Hair Flat Iron Fluid by Angles BeautyCare Group contains tourmaline, which the manufacturer asserts, “is claimed to deliver weightless moisture and increased absorption for beautifully conditioned hair, protect it against heat damage, reduce static, and provide longer lasting color and gorgeous shine.”

Nothing in the descriptions of these products suggests a hair roller that emits infrared light in a wavelength range around 20 μm. Even if the tourmaline does radiate in this range, nothing in the prior art suggests that the intensity is sufficient to achieve a significant permanent reshaping of human head hair, as it is in the present invention. To the best of the applicants' knowledge, in these products, as well as others, tourmaline is not reported to provide hair reshaping benefits. Hair reshaping is never mentioned.

Tourmaline hair dryers are also known. Such hair dryers contain tourmaline crystals that deliver negative ions and far-infrared heat, which, reportedly, dries hair from the inside out. As a result, a person can dry hair faster, and the hair is left healthy and shiny with optimum manageability. Flat irons for shaping hair are also known to contain tourmaline. Typically, it is reported that the tourmaline supplies negative ions that yield softer and shinier hair, while infrared heat is associated with improved hair moisture and luster. Hair brushes with tourmaline are known. Often, the benefit associated with tourmaline is less frizz, due to an ionic effect. None of these appliances, suggests that tourmaline emits infrared in the 0.15-30 μm range, at an intensity that is sufficient to achieve a significant permanent reshaping of human head hair. They fail to disclose methods of treating the hair, as disclosed herein.

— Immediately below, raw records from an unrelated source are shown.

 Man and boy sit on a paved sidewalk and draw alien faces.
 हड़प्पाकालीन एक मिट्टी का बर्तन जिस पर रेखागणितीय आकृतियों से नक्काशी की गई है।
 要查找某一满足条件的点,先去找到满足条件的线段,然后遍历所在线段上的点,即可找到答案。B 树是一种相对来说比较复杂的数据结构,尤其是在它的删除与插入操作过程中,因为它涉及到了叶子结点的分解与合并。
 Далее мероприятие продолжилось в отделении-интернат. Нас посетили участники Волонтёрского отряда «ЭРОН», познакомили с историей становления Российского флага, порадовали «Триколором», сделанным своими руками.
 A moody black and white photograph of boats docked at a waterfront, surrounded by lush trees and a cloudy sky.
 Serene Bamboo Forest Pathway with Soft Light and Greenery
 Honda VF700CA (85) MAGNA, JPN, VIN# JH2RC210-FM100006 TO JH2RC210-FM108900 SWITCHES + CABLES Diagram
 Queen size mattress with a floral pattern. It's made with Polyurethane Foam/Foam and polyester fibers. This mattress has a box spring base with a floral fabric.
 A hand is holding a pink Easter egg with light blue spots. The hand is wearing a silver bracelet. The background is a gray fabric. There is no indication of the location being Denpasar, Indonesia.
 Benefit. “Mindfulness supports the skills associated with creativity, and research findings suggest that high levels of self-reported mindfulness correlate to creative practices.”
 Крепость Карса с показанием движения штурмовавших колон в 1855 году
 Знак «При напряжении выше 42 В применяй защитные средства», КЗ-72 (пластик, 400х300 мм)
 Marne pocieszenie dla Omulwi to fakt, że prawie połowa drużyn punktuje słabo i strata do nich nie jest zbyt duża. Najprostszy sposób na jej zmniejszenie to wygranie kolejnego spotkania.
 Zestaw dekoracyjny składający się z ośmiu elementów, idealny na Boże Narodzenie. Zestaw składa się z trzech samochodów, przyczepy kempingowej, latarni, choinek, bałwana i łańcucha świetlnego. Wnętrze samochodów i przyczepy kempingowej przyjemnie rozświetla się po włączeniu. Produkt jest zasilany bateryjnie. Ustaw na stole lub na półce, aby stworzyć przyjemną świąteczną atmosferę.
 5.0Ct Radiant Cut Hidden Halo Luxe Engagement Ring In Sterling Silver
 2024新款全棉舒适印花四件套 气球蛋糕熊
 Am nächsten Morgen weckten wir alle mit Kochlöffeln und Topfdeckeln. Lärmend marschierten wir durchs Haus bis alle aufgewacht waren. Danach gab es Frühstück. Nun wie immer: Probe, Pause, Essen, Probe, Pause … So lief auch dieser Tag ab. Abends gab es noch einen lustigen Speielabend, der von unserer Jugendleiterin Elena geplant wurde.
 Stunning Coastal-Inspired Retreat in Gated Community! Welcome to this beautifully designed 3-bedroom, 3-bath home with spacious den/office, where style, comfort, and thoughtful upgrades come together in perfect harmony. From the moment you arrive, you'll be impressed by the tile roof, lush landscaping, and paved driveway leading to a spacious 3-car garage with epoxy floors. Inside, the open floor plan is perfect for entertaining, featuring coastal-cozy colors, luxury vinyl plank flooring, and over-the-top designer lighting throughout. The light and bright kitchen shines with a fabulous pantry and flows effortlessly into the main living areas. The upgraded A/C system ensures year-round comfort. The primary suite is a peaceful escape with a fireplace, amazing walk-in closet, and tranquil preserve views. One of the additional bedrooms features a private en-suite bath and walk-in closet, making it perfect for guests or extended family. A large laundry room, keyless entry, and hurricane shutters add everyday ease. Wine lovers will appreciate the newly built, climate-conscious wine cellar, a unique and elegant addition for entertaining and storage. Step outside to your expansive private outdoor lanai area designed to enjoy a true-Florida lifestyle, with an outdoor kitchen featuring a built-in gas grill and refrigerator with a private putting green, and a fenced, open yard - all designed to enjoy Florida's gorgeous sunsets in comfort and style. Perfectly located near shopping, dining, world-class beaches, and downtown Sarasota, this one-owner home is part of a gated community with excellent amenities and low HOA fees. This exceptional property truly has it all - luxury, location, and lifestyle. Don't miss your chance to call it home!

Finally, tourmaline hair rollers or curlers are known. For example, the Hot Tools Professional 12 Piece Tourmaline Hair Setter product (model HTS 1400) claims that the tourmaline rollers “emit ions for shimmering styles”. Another hair roller product by Hot Tools Professional, the Nano Ceramic™ Wax-Core Professional Hairsetter, does not use tourmaline. Rather, the “Nano-Ceramic™ Technology radiates far-infrared energy for increased shine. In either case, these appliances do not suggest supplying the hair with infrared in the 0.15-30 μm range, at an intensity that is sufficient to achieve a significant permanent reshaping of human head hair. They fail to disclose methods of treating the hair, as disclosed herein.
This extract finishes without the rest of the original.